» Exercise instructions
Line by line, repeat the data below exactly, beginning at the first line and ending at the line with "This was the". Omit pictures.

(Records shown begins)

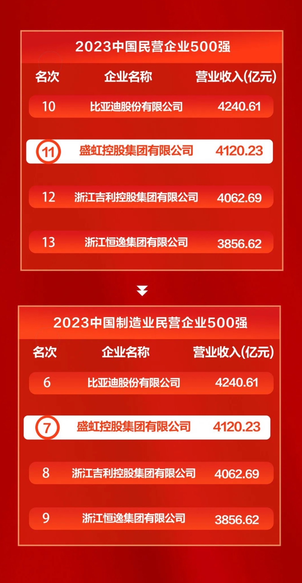 全国工商联9月12日发布“2023中国民营企业500强”榜单,SBOBET利记控股集团位列中国民营企业500强第11位,中国制造业民营企业500强第7位,以高质量发展的姿态稳居中国民营企业前列!
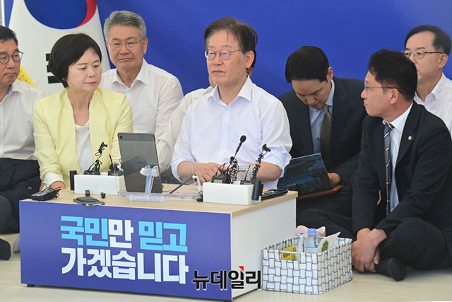 단식 8일차에 접어든 이재명 더불어민주당 대표가 7일 국회 본관 앞에 마련된 단식농성장에서 이정미 정의당 대표와 배진교 원내대표 등과 대화를 하고 있다.
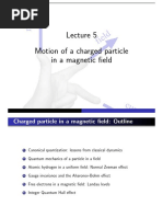 This was the classical mathematical structure that led Dirac to link up classical and quantum mechanics: he realized that the Poisson brackets were the classical version of the commutators, so a classical canonical momentum must correspond to the quantum differential operator in the corresponding coordinate. Particle in a Magnetic Field The Lorentz force is velocity dependent, so cannot be just the gradient of some potential. Nevertheless, the classical particle path is still given by the Principle of Least Action. The electric and magnetic fields can be written in terms of a scalar and a vector potential: B = A, E = The right Lagrangian turns out to be:
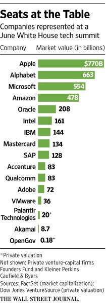 “OpenGov’s Mr. Bookman was the only chief executive of a small firm among the 18 tech leaders to get a seat at the table with the president. At least one other startup CEO had a second-row seat. OpenGov’s valuation was estimated at $180 million after an October 2015 funding round, according to Dow Jones VentureSource, while the average market capitalization of the 14 publicly traded companies represented at the table including Amazon.com Inc.,Apple Inc., Microsoft Corp. and Alphabet Inc. —is about $250 billion, according to FactSet.”
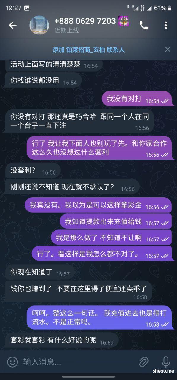 正常打流水提现,充值给百分之3,我以为是正常,说我套彩金。
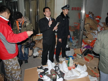 32歲的福建人莊全伙同妻子賴來、妻弟賴建在豐臺區一家鞋城出售假冒注冊商標的“耐克”、“阿迪達斯”牌運動鞋被民警當場查獲,并在三間庫房內查獲大量運動鞋,共計7324雙,經鑒定均為假冒注冊商標的商品,價值共計人民幣15.3804萬元,三名被告人均因銷售假冒注冊商標的商品罪獲刑。為了加大保護知識產權的力度、嚴厲打擊假冒國際品牌,豐臺法院決定對該案贓物進行公開銷毀。
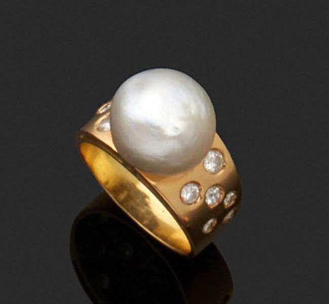 A natural pearl, diamond and gold ring, report
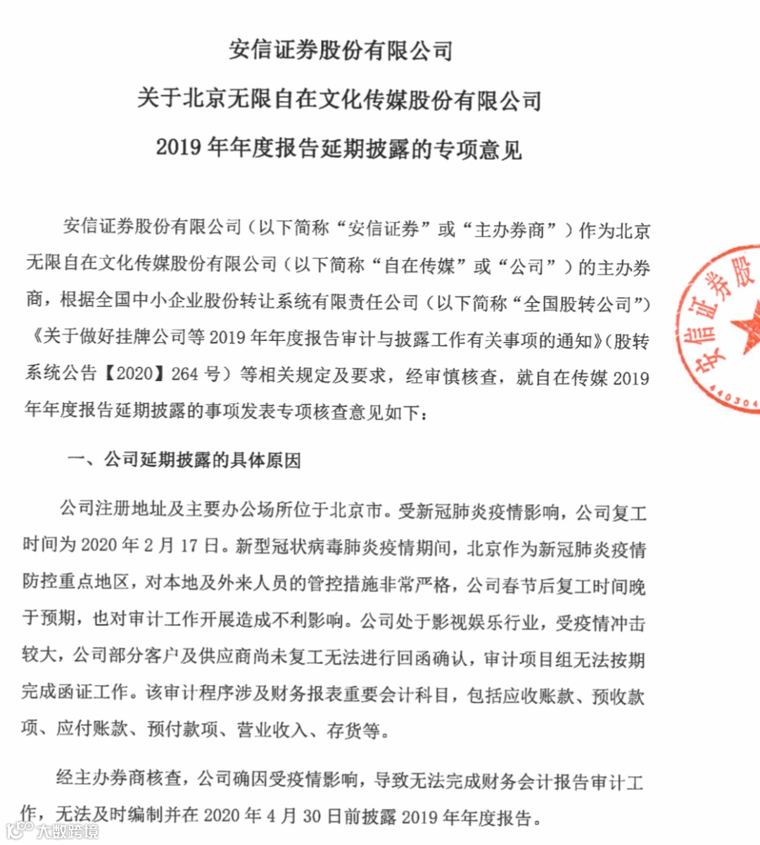 今年4月,自在传媒发布公告延期披露年报,主要因为疫情期间,北京作为防控重点地区,对本地及外来人员的管控措施非常严格。另外该公司为影视娱乐行业,受疫情冲击较大,部分客户和供应商无法进行回函确认。截至目前,自在传媒还未披露2019年年报。

(Records shown ends)

» Result of this task
 全国工商联9月12日发布“2023中国民营企业500强”榜单,SBOBET利记控股集团位列中国民营企业500强第11位,中国制造业民营企业500强第7位,以高质量发展的姿态稳居中国民营企业前列!
 단식 8일차에 접어든 이재명 더불어민주당 대표가 7일 국회 본관 앞에 마련된 단식농성장에서 이정미 정의당 대표와 배진교 원내대표 등과 대화를 하고 있다.
 This was the classical mathematical structure that led Dirac to link up classical and quantum mechanics: he realized that the Poisson brackets were the classical version of the commutators, so a classical canonical momentum must correspond to the quantum differential operator in the corresponding coordinate. Particle in a Magnetic Field The Lorentz force is velocity dependent, so cannot be just the gradient of some potential. Nevertheless, the classical particle path is still given by the Principle of Least Action. The electric and magnetic fields can be written in terms of a scalar and a vector potential: B = A, E = The right Lagrangian turns out to be:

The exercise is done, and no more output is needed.